In an unusual turn of events Wednesday, an anonymous person claiming to be the hacker said they were “ready to return” the funds. The identity of the hacker, or hackers, is not yet known.
Poly Network requested they send the money to three digital currency wallets. And, sure enough, the hacker had returned more than $342 million of the funds to those wallets by Thursday.
But there’s a catch. While almost all of the haul has been sent back to Poly Network, the last $268 million of assets is currently locked in an account that requires passwords from both Poly Network and the hacker to gain access.
“It’s likely that keys held by both Poly Network and the hacker would be required to move the funds — so the hacker could still make these funds inaccessible if they chose to,” Tom Robinson, chief scientist of blockchain analytics firm Elliptic, said in a blogpost Friday.
In a message embedded in a digital currency transaction, the suspected hacker said they would “provide the final key when _everyone_ is ready.” Poly Network called it “the biggest in defi history.”
“Offering immunity may have sounded like a smart move from Poly Network to dangle a carrot, but it is unlikely that the authorities would agree with this decision nor even allow it,” said Jake Moore, a specialist at cybersecurity firm ESET.
“This attack is likely to have been watched closely by cybercriminals and law enforcement alike, potentially opening up the possibility of copycat attacks.”
Robinson said the hacker “might well still find themselves being pursued by the authorities.”
“Their activities have left numerous digital breadcrumbs on the blockchain for law enforcement to follow.”
The Pros and Cons of Cryptocurrency
The exchange of cryptocurrency is typically quick and easy. Bitcoin, for example, may be exchanged between digital wallets using only a smartphone or computer.
Public and private keys and various incentive systems such as proof-of-work and proof-of-stake are used to safeguard these transfers. Large organisations and markets including the fashion and pharmaceutical industries are increasingly adopting cryptocurrency payments.
Every cryptocurrency transaction is recorded in a public database known as the blockchain, which is the technology that makes it possible for it to exist.
By keeping track of past transactions, users of cryptocurrencies like Bitcoin can safeguard against double spending, forgery, and transaction reversal. Because blockchain promises to eliminate intermediaries such as banks and online marketplaces, there are no transaction charges.
However, it’s easy to lose track of your digital currency or wallet. Many online cryptocurrency storage services have been compromised.

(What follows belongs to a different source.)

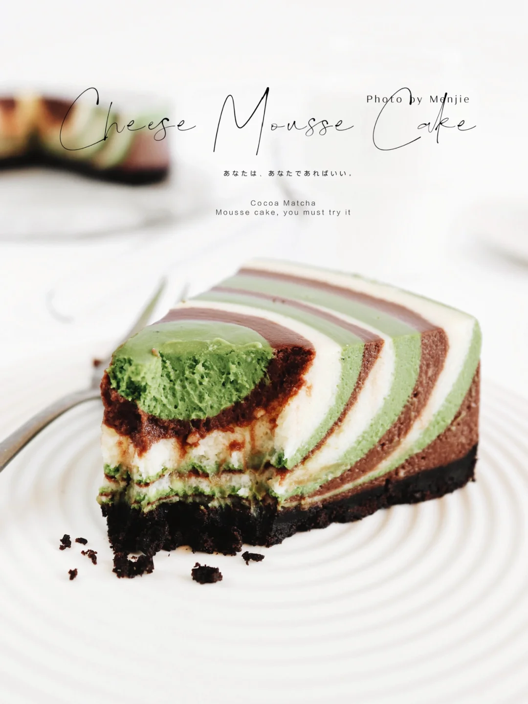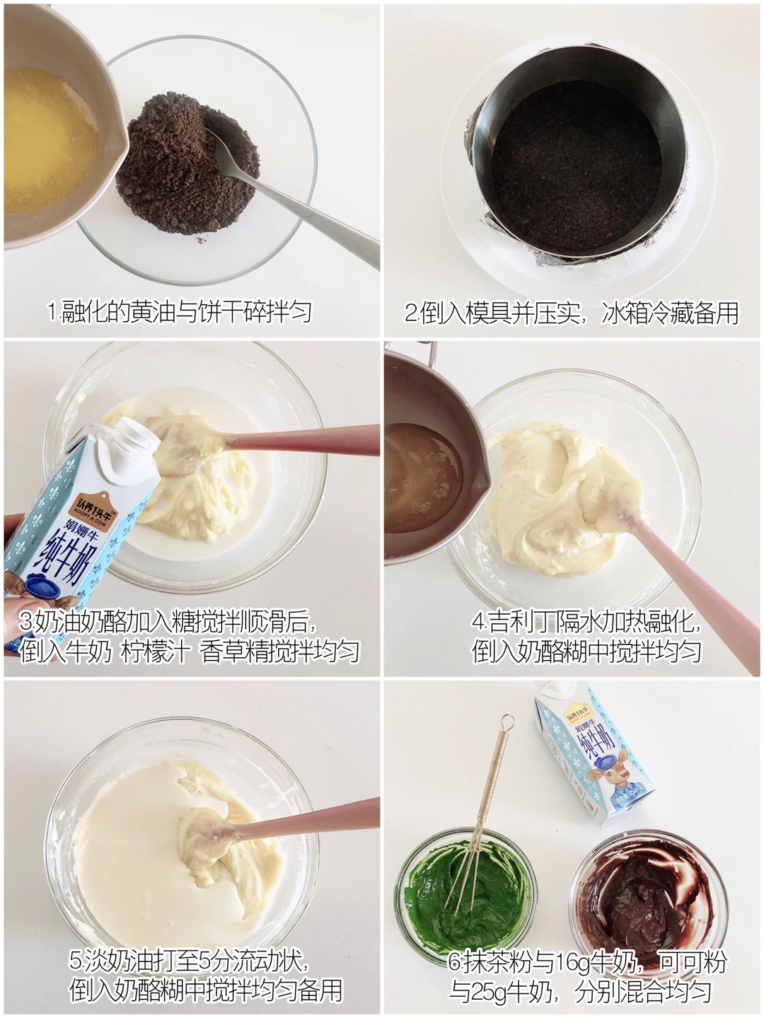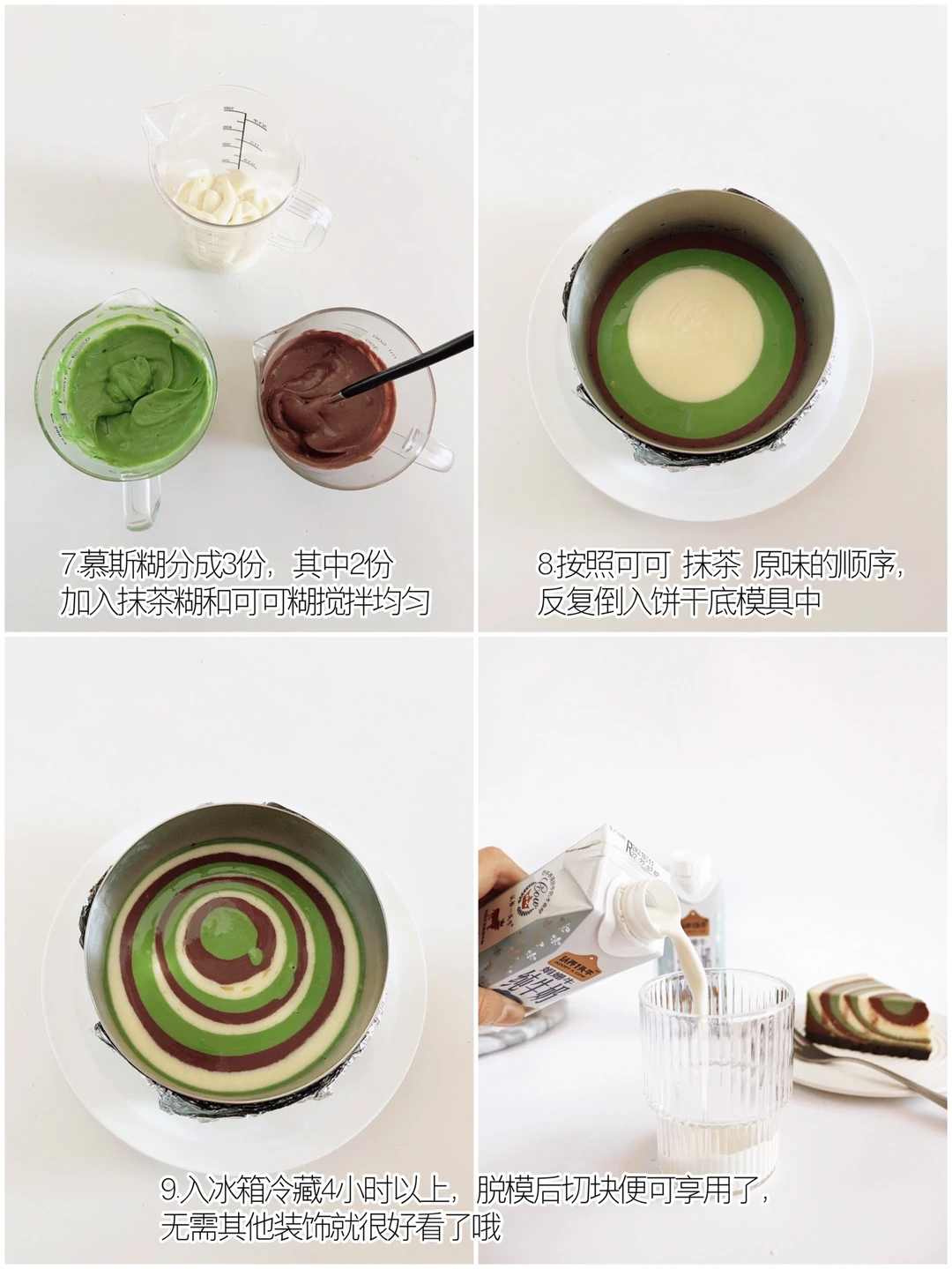 ❻从冰箱取出冷藏的饼干底模具,按照可可、抹茶、原味的顺序(慕斯糊是流动状的比较好操作,如果太稠,可以隔水加热一下),反复倒入模具中,入冰箱冷藏4小时以上。

Because the value of cryptocurrencies like Bitcoin can vary substantially, some people are apprehensive to convert “real” money into Bitcoin.
Since government agencies like the Financial Conduct Authority (FCA) don’t control the bitcoin market, there are also no guidelines in place to safeguard your company.
If companies and customers abandon digital currencies altogether or switch to a new cryptocurrency, it may lose value and become useless.
Cryptocurrencies exchanges are vulnerable to cyber assaults that can result in your investment being lost forever – frauds are always a possibility with cryptocurrency.
Instagram, Facebook, and Twitter are common targets for con artists who attempt to trick users into making these kinds of investments.
Contact your country’s national reporting center, such as Action Fraud in the United Kingdom or the Federal Trade Commission (FTC) in the United States, if you suspect that you have been the victim of fraud.